# Westgate Brewers Stout Extravaganza 2017



## NealK (18/5/17)

View attachment 97283


----------



## NealK (18/5/17)

Sorry for the quality of the image but I had to take a photo of the pdf because I have no idea how to convert it to jpeg!
No speciality category, please check our website for details and entry form.

edit - it's not on the website yet but will be very soon, Categories are the same as last year.


----------



## fcmcg (19/5/17)

We have an absolute plethora of prizes this year.
Prizes and medals will be awarded for first, second and third .
Categories are :
Stout ,porter and strong stout as per aabc 2015 
A call out for judges also.
If your interested in judging , please email 
[email protected] 
The competition will be at The Local in Port Melbourne 
Sunday July 2nd from 1pm 
Winners announced from 5
There will also be a raffle 
Kitchen open from midday 

Cheers

Ferg
President 
Westgate


----------



## Mista_Boss_Brews (21/5/17)

Hey.

Are you accepting postal entries from NSW? 

Cheers


----------



## Yob (22/5/17)

Dafuq?
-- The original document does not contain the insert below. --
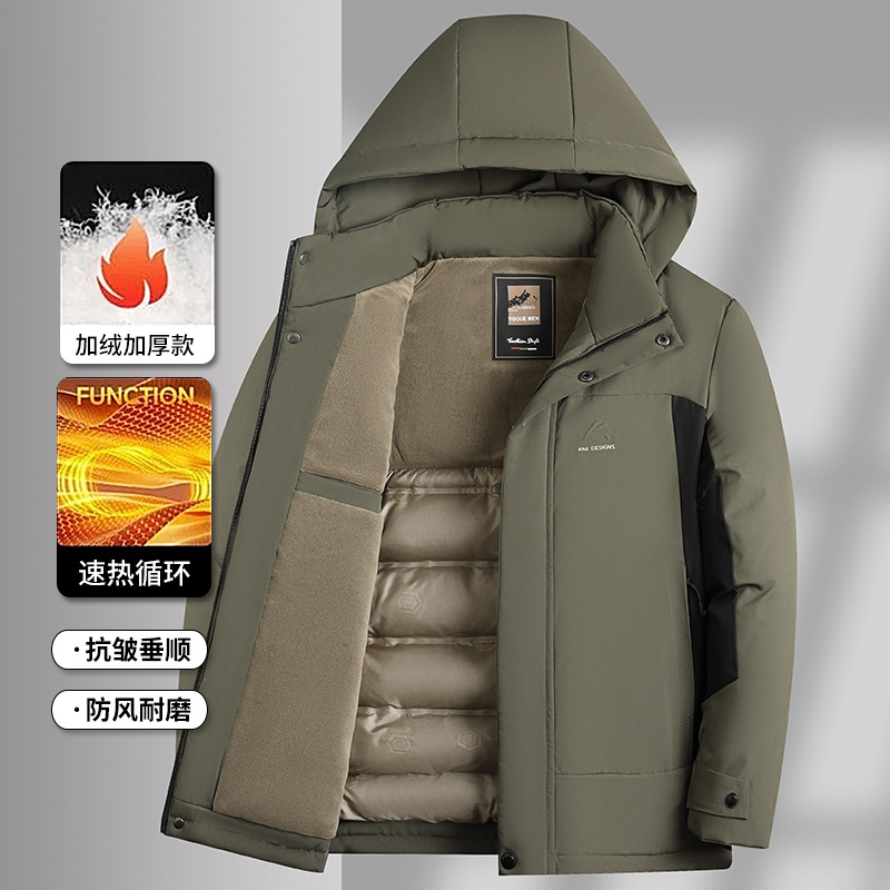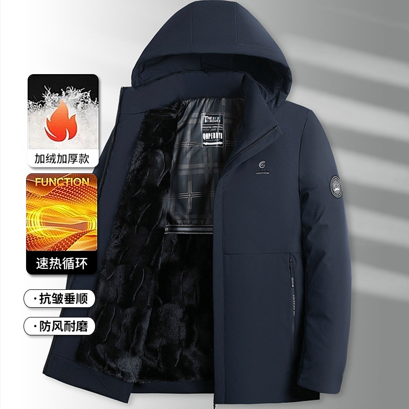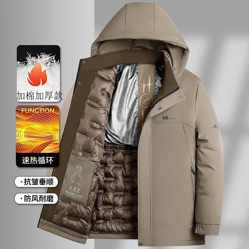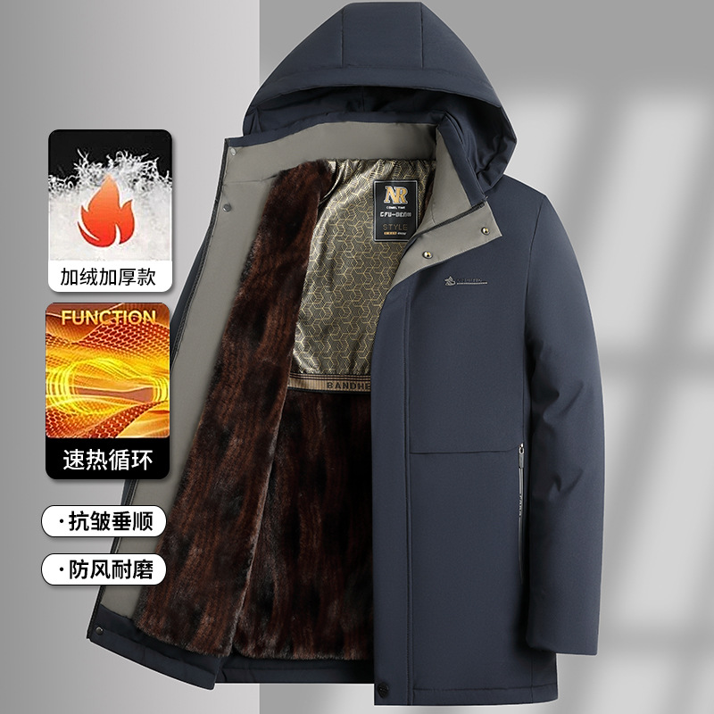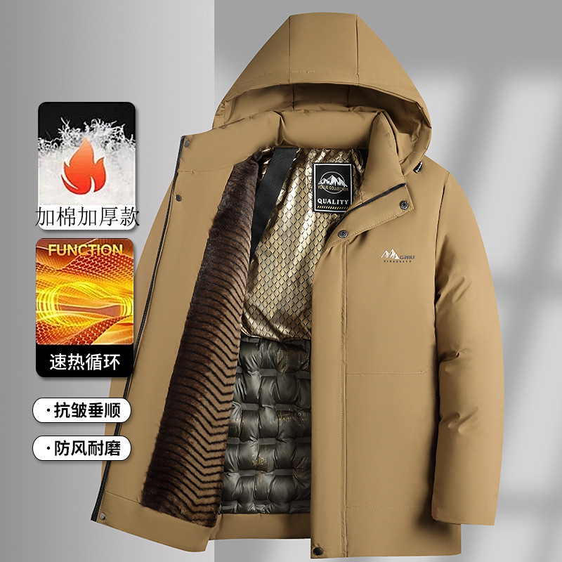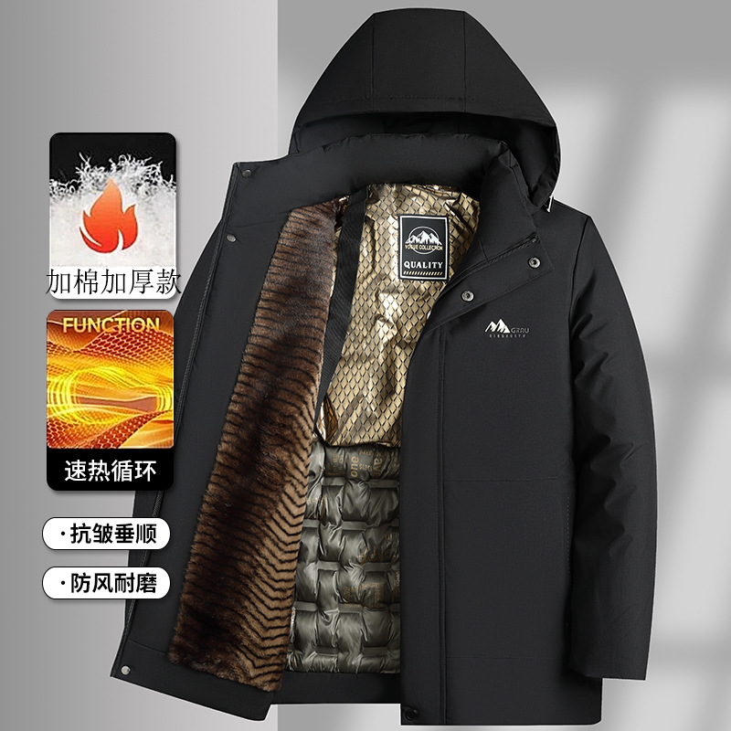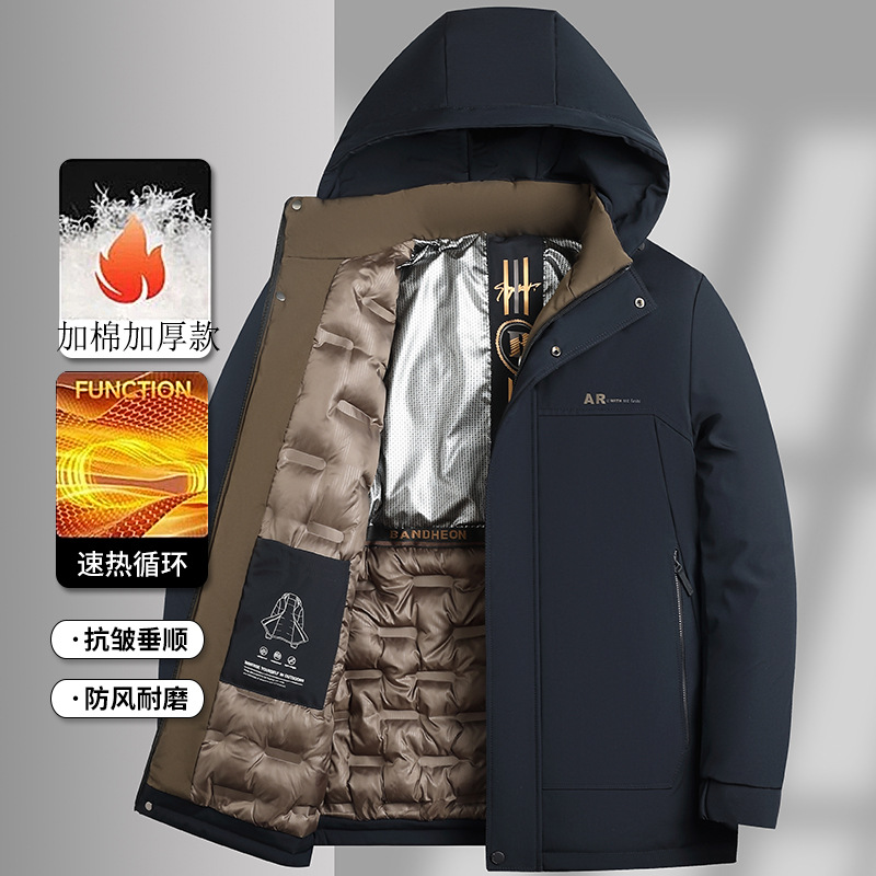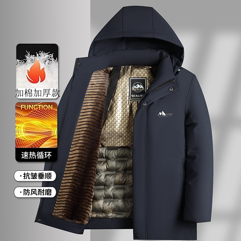 中老年男装棉衣加绒加厚中长款外套冬季爷爷棉服连帽大衣保暖棉袄

How did I miss this?

Still rime to get an entry in?


----------



## NealK (22/5/17)

Mista_Boss_Brews said:


> Hey.
> 
> Are you accepting postal entries from NSW?
> 
> Cheers


I think we are mate, I will double check where to post them and let you know.


----------



## NealK (22/5/17)

Yob said:


> Dafuq? How did I miss this?
> 
> Still rime to get an entry in?


Entries close 12pm 24th June
You could probably brew a new beer in that time! Maybe not a RIS though.


----------



## NealK (22/5/17)

Entry forms are up now
https://www.westgatebrewers.org/stout-extravaganza/


----------



## NealK (22/5/17)

Mista_Boss_Brews said:


> Hey.
> 
> Are you accepting postal entries from NSW?
> 
> Cheers


ok I have confirmed that postal entries should be sent to:

Grain and Grape
5/280 Whitehall St,
Yarraville 
VIC 3013

Please clearly mark any postal entries with STOUT EXTRAVAGANZA ENTRY

We have some amazing prizes on offer but most of them will be too heavy or bulky to post. If you are interstate and win a prize we will only post it at your expense. We will of course post medals interstate and if you supply an email I will try to get the judging sheets to you within a couple of days. It's just not feasible to be posting sacks of grain or mash tuns.


----------



## Mista_Boss_Brews (23/5/17)

Thanks for the info @NealK I will be sure to post my entry in on time. [emoji106]


----------



## NealK (18/6/17)

Just a reminder that entries close next Saturday at 12pm.


----------



## NealK (29/6/17)

Just to clarify about judging sheets for Sunday. 
Score sheets for members of Victorian brew clubs will be given to a representative of your club on the day. For independent and interstate entrants I will try to have your score sheets scanned and emailed to you within a few days. The results will be posted on here at the earliest possible opportunity which I hope will be sometime on Sunday night.


----------



## NealK (2/7/17)

Stout Extravaganza has been completed for 2017. 
Before I post the results I have to say a massive thank you to all our sponsors. So many people have provided some fantastic prizes for this years competition and without them this event would not be as successful as it currently is.
In no particular order we have to raise our glasses and say thanks to:
VicBrew
Two Birds
Colonial Brewing
Fury and Son
West City Brewing
Hawkers
Keg King
Hop Nation
Mountain Goat
Beer Co
Ellersile Hops
Malteurop
Cryer Malt
Grain and Grape
Without the support of these people home brewing competitions probably would not exist in the form that they do today
THANK YOU,.we really appreciate your support!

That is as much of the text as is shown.